The anime was licensed by Bandai Visual in North America, but the release was delayed. After Bandai Visual USA folded into Bandai Entertainment, the True Tears anime was released in a two-disc DVD box set on August 18, 2009, with English subtitles. Later, Discotek Media released the anime in a two-disc DVD box set on August 30, 2016, then on Blu-ray on October 31, 2017.

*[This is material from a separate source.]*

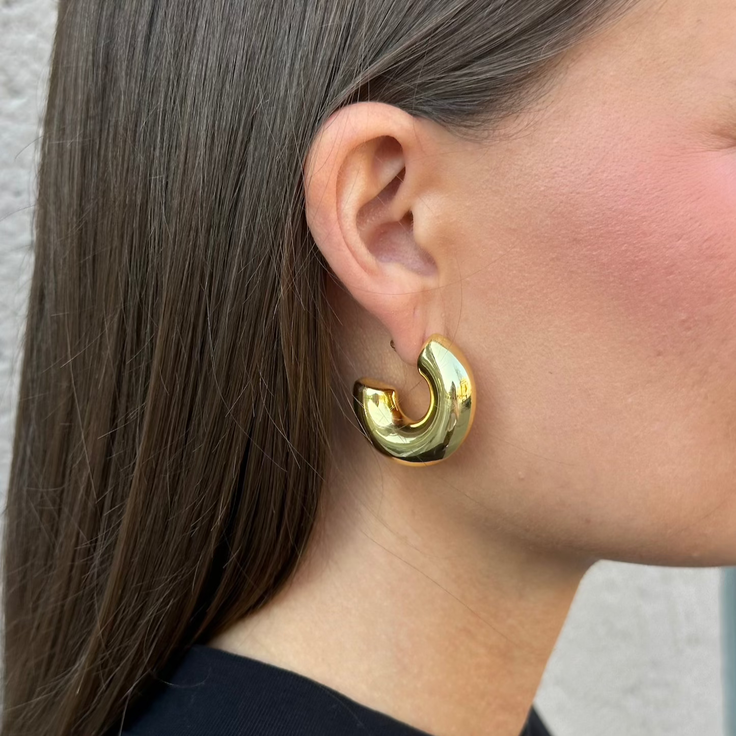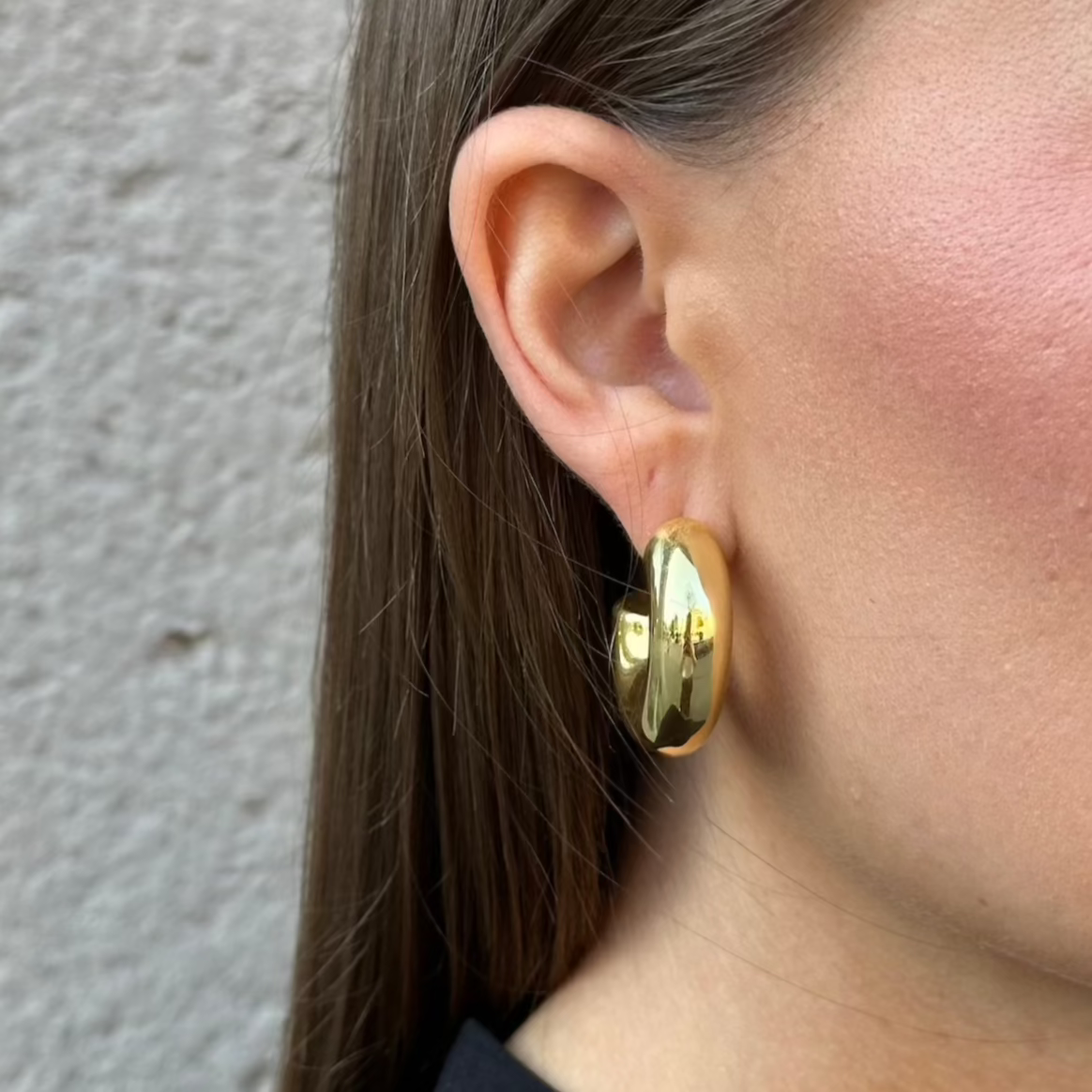 HALF BOLD HOOPS - The statement earrings with a classic twist. Designed to add a unique touch to any outfit. The earrings are lightweight and have a push-back clasp. Transform a simple outfit into something extraordinary with your HALF BOLD HOOPS.

Three pieces of theme music are used for the anime; one opening theme, one ending theme, and one insert song. The opening theme is "Reflectier" (リフレクティア, Rifurekutia) by Eufonius, the ending theme is Aira Yūki's "Sekai no Namida" (セカイノナミダ), and the insert song, used in episode ten, is "Sono Mama no Boku de" (そのままの僕で) by Eufonius. A single for "Reflectier" was released on January 23, 2008, and a single for "Sekai no Namida" was released on February 6, 2008. The anime's original soundtrack was released on February 27, 2008, and an image song album entitled Tears...for truth containing the insert song was released on April 16, 2008.

==Internet radio show==
An Internet radio show called True Tears Kochira Tulip Hōsōkyoku (true tears こちらチューリップ放送局), hosted by Charradio, was broadcast between December 7, 2007, and December 28, 2007, containing four episodes. The following week, the show was transferred over to Beat Net Radio!, and began weekly broadcasts every Friday starting on January 4, 2008. It has three hosts — Ayahi Takagaki, Kaori Nazuka, and Yuka Iguchi, who played Noe Isurugi, Hiromi Yuasa, and Aiko Endō in the anime respectively — and was produced by Bandai Visual and Lantis. There are three corners on the show, which is used mainly to promote the anime version. Makoto Ishii, who played Shin'ichirō in the anime, appeared on the show as a guest for the seventh and eighth broadcasts, and the anime's director Junji Nishimura was a guest for the ninth episode.